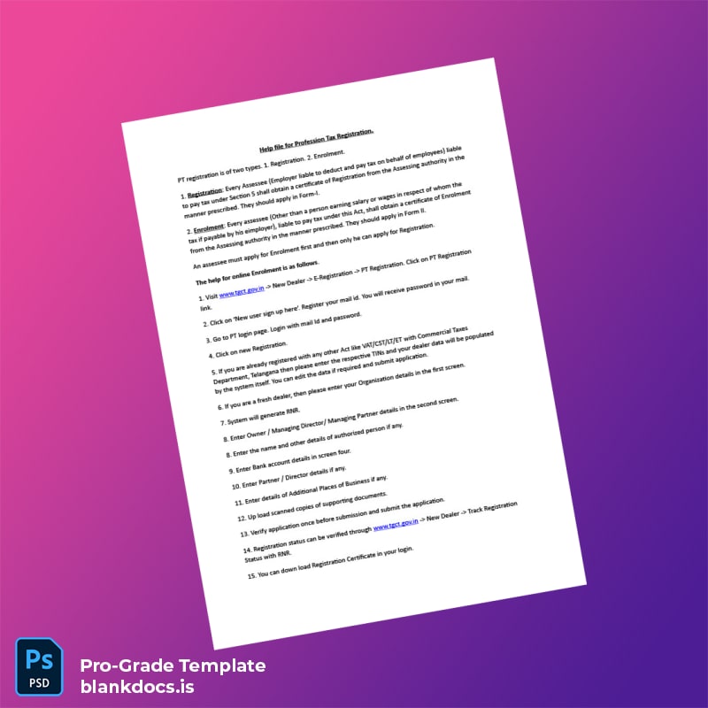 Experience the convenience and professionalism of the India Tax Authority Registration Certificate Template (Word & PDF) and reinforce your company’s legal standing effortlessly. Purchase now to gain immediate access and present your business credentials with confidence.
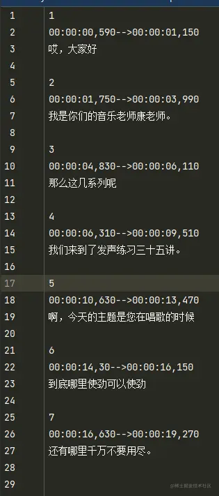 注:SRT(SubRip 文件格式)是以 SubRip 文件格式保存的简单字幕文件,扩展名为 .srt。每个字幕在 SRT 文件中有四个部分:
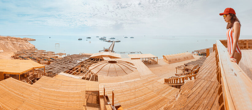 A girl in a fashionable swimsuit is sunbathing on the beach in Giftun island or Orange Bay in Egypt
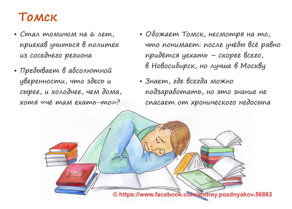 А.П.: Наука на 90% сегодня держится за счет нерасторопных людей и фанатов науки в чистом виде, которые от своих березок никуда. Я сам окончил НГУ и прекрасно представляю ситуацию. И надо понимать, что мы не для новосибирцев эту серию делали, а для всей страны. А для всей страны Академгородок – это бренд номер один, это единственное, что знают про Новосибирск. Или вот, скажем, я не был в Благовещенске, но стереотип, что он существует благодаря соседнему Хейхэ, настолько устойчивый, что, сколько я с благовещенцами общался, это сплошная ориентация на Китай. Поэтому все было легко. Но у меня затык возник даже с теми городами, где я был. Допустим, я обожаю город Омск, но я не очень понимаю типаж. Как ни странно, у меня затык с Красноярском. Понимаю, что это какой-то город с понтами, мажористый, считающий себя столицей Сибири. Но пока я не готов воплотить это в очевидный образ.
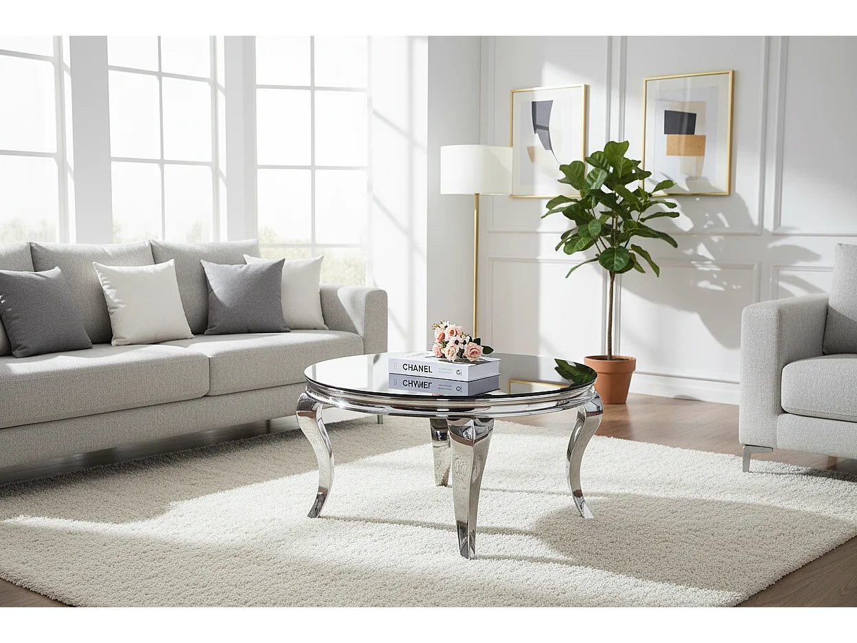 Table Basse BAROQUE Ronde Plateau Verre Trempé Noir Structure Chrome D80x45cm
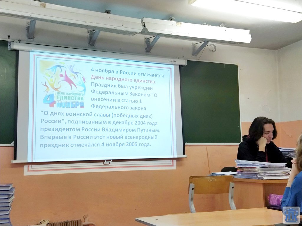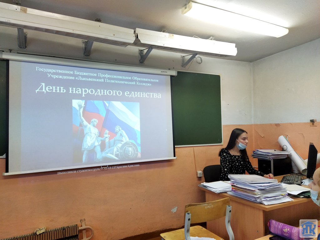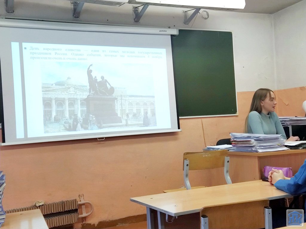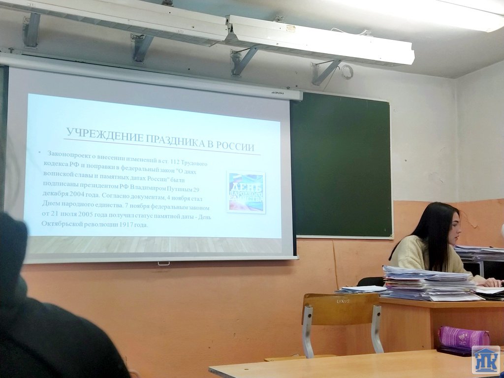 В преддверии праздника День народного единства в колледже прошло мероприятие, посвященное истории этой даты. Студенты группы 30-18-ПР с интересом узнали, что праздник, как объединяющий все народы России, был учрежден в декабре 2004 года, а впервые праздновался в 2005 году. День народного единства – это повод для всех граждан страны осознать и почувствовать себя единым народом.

= = = = =

_WORK INSTRUCTIONS_
Each of the entries above must be copied exactly, but the pictures stay out.

_REPLY_
 Experience the convenience and professionalism of the India Tax Authority Registration Certificate Template (Word & PDF) and reinforce your company’s legal standing effortlessly. Purchase now to gain immediate access and present your business credentials with confidence.
 注:SRT(SubRip 文件格式)是以 SubRip 文件格式保存的简单字幕文件,扩展名为 .srt。每个字幕在 SRT 文件中有四个部分:
 A girl in a fashionable swimsuit is sunbathing on the beach in Giftun island or Orange Bay in Egypt
 А.П.: Наука на 90% сегодня держится за счет нерасторопных людей и фанатов науки в чистом виде, которые от своих березок никуда. Я сам окончил НГУ и прекрасно представляю ситуацию. И надо понимать, что мы не для новосибирцев эту серию делали, а для всей страны. А для всей страны Академгородок – это бренд номер один, это единственное, что знают про Новосибирск. Или вот, скажем, я не был в Благовещенске, но стереотип, что он существует благодаря соседнему Хейхэ, настолько устойчивый, что, сколько я с благовещенцами общался, это сплошная ориентация на Китай. Поэтому все было легко. Но у меня затык возник даже с теми городами, где я был. Допустим, я обожаю город Омск, но я не очень понимаю типаж. Как ни странно, у меня затык с Красноярском. Понимаю, что это какой-то город с понтами, мажористый, считающий себя столицей Сибири. Но пока я не готов воплотить это в очевидный образ.
 Table Basse BAROQUE Ronde Plateau Verre Trempé Noir Structure Chrome D80x45cm
 В преддверии праздника День народного единства в колледже прошло мероприятие, посвященное истории этой даты. Студенты группы 30-18-ПР с интересом узнали, что праздник, как объединяющий все народы России, был учрежден в декабре 2004 года, а впервые праздновался в 2005 году. День народного единства – это повод для всех граждан страны осознать и почувствовать себя единым народом.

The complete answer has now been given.